Wenn ich Hemmungen habe, etwas anzunehmen, dann denke ich immer daran, wie gerne ich selbst etwas verschenke. Und dann gehe ich davonaus, dass es dem Anderen genauso geht und er sich freuen wird, wenn ich es nehme. Das hilft ungemein!
LG Zora

Daniela S. hat gesagt…

Super Idee! Da scheint ja richtig was los gewesen zu sein. Freut mich für dich, dass die Aktion so gut angenommen wurde.

In meinem Kopf geistert auch schon länger die Idee herum mit den Freundinnen so eine Tauschparty zu veranstalten. Ob die Idee allerdings auf Begeisterung stößt weiß ich noch nicht.

Liebe Grüße, Daniela

Zora hat gesagt…

Probier's doch einfach aus! Ich bin sicher, dass die Idee gut ankommen wird. Ich hab auch von Leuten, bei denen ich's nie erwartet hätte, Zustimmung bekommen.
Viel Erfolg!
Zora

Faden verloren hat gesagt…

Ganz tolle Idee! Ich bin sehr begeistert und mir wird ganz wohlig, dass Leute sich doch noch benehmen können und nicht alles rumraken und verteilen und möglichst viel zusammen raffen. Schön.

Zora hat gesagt…

"ganz wohlig" trifft es total! Genaus so hat es sich wirklich angefühlt!
LG Zora

Lena Wirrbelbrise hat gesagt…

na das scheint ja super geklappt zu haben! ich glaube, ich muss sowas mal für meine klasse organisieren.. :)

Constanze hat gesagt…

Das hört sich toll an. In Berlin gabs schon 2-3mal temporäre Kleidertauschläden (die konnten gerade nicht vermietete Ladenflächen kostenlos nutzen), und so weit ich mitbekommen hatte, funktionierte das sehr gut: Die Organisatoren fanden genügend Ehrenamtliche, die während der Öffnungszeiten ein Auge auf den Laden hatten, und es wurden sogar mehr Kleiderspenden abgegeben als mitgenommen. Man denkt immer, die Leute raffen alles zusammen und stellen die sachen dann bei ebay ein, aber wenn sowas im richtigen Rahmen stattfindet, dann wird das auch richtig angenommen.

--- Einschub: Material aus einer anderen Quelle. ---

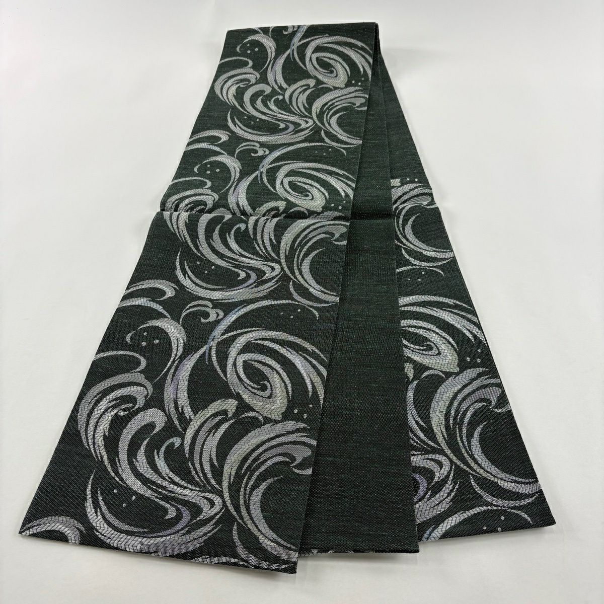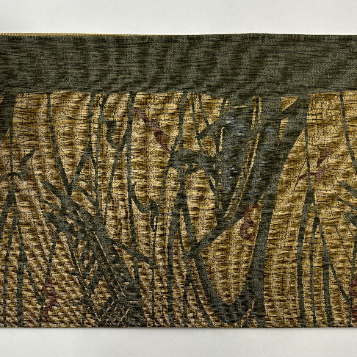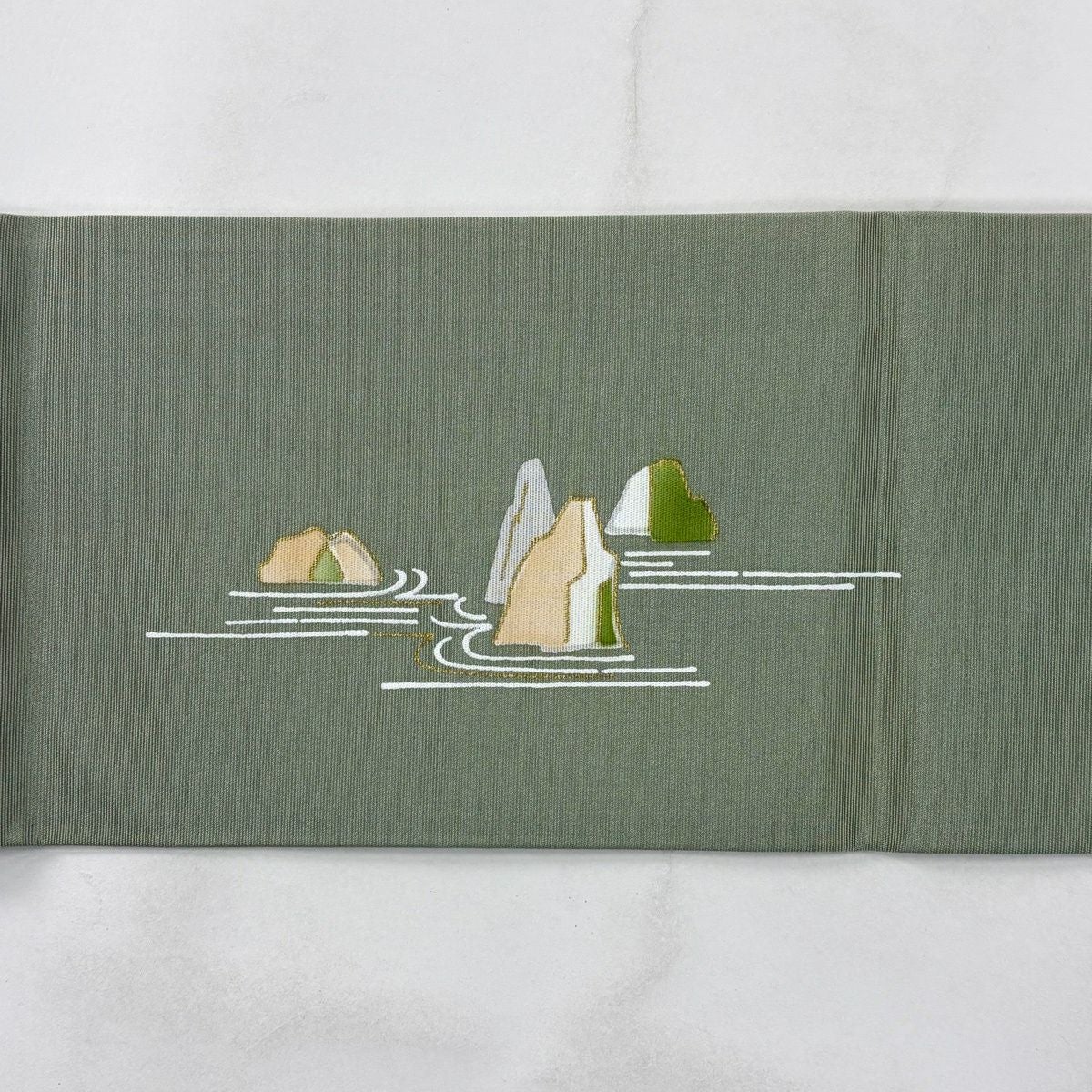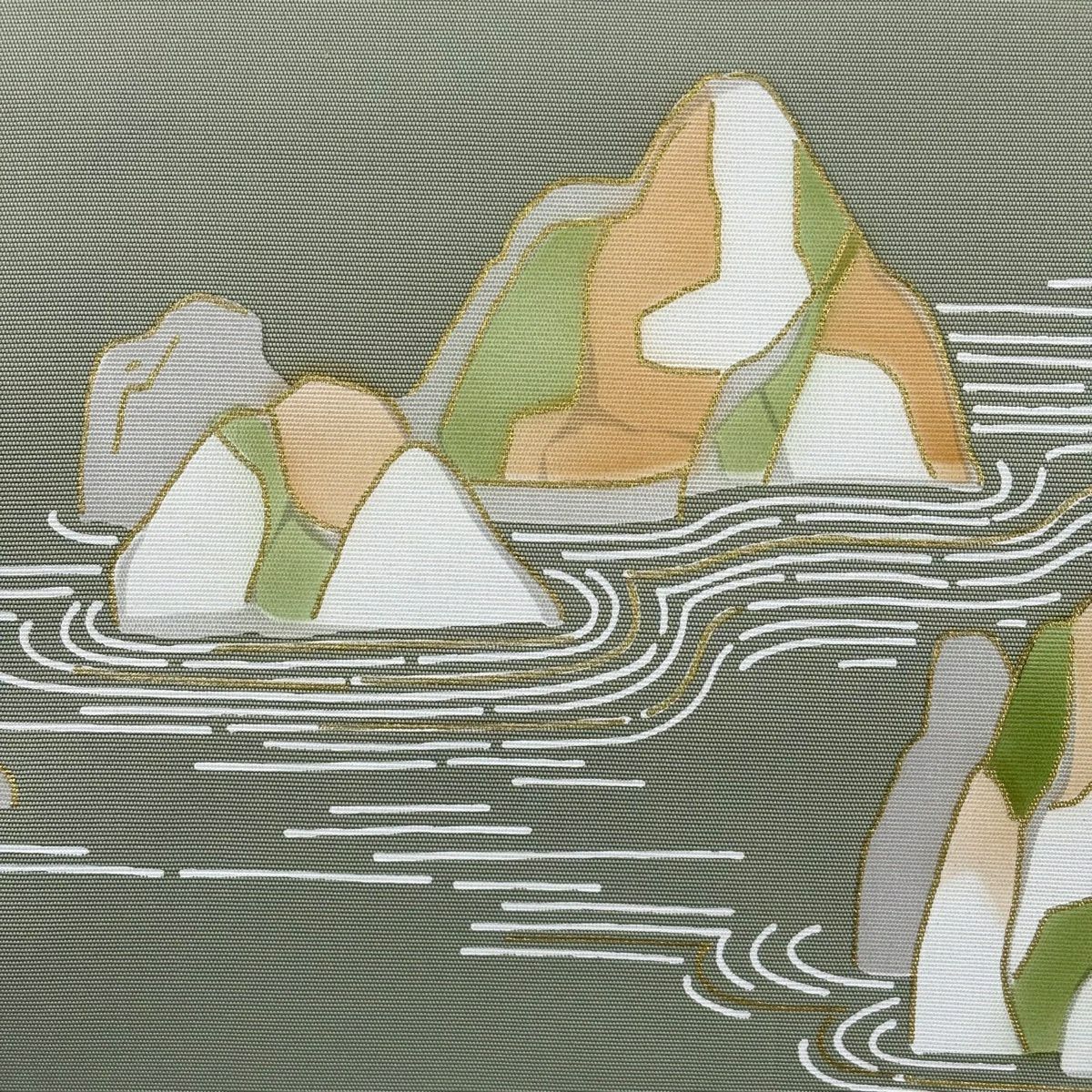 名古屋帯 秀品 枯山水 金彩 灰緑 正絹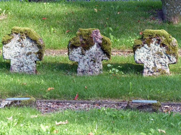 My last trio for today is from the war grave near Brandau in the Odenwald where soldiers and forced labourers (men, women, and children) are buried as a memorial against war. The crosses are overgrown with moss, showing the passage of time.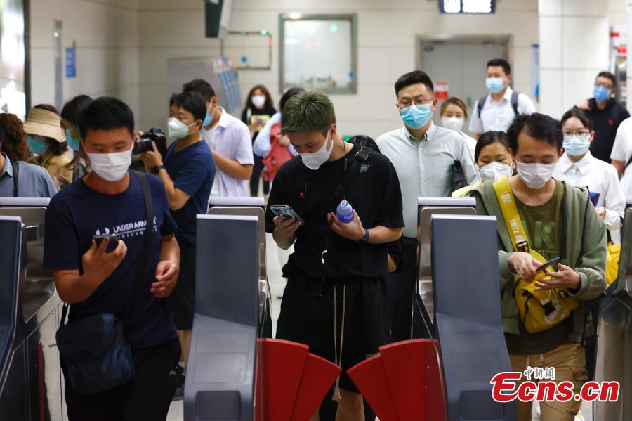Passengers scan their QR codes to get through a subway gate at a subway station in Beijing, June 9, 2022. (Photo: China News Service/Fu Tian)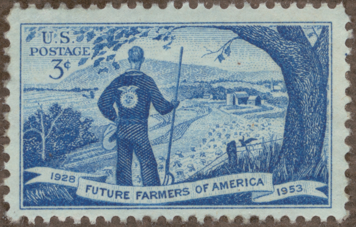 Frimärke från U.S.A., 1953. Motiv av Framtidens farmare i U.S.A. Föreningen 25-årsjubilerar 1928-1953
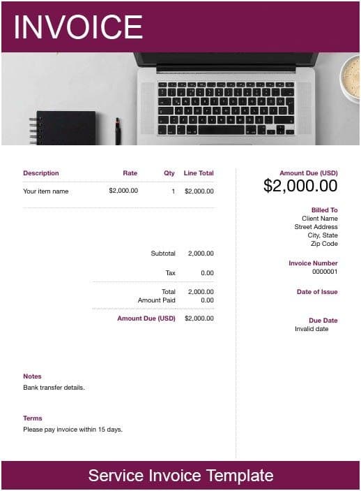 You must know how to fill out an invoice as all service-based businesses should develop and follow an invoice template that works for them. The template should feature the business’s branding, including its logo, common fonts, and color palettes. The service invoice template should be simple and professional and should showcase the most important information on the invoice: your business information, the amount owing, and the invoice due date. You can create your own simple invoice template design, or you can download a free service invoice template to use.

letsdolittlethings hat gesagt…

Oh wie toll! Sowas an der Uni zu machen ist eine super Idee! Du hast mich echt auf Gedanken gebracht! Obwohl ich glaube, dass sowas an meiner riesigen Uni vieleicht nochmal ein bisschen schwieriger werden könnte... Jedenfalls ein großes Lob an dich, ich finde es gut, Leuten zu zeigen, dass es auch ohne Geld gehen kann und dass Menschen bereit dazu sind, Dinge zu geben, die sie nicht mehr brauchen, ohne dafür etwas Meterielles zurückzubekommen.

Zora hat gesagt…

@ Lucy: Als temporärer Laden find ich die Idee ja auch abgefahren!

@Leni & lesdolittlethings: Das fänd ich ja toll, wenn ihr auch unter die Tauscher gehen würdet. Ich glaub das Tauschen geht sowohl im kleinen, als auch im großen Kreis.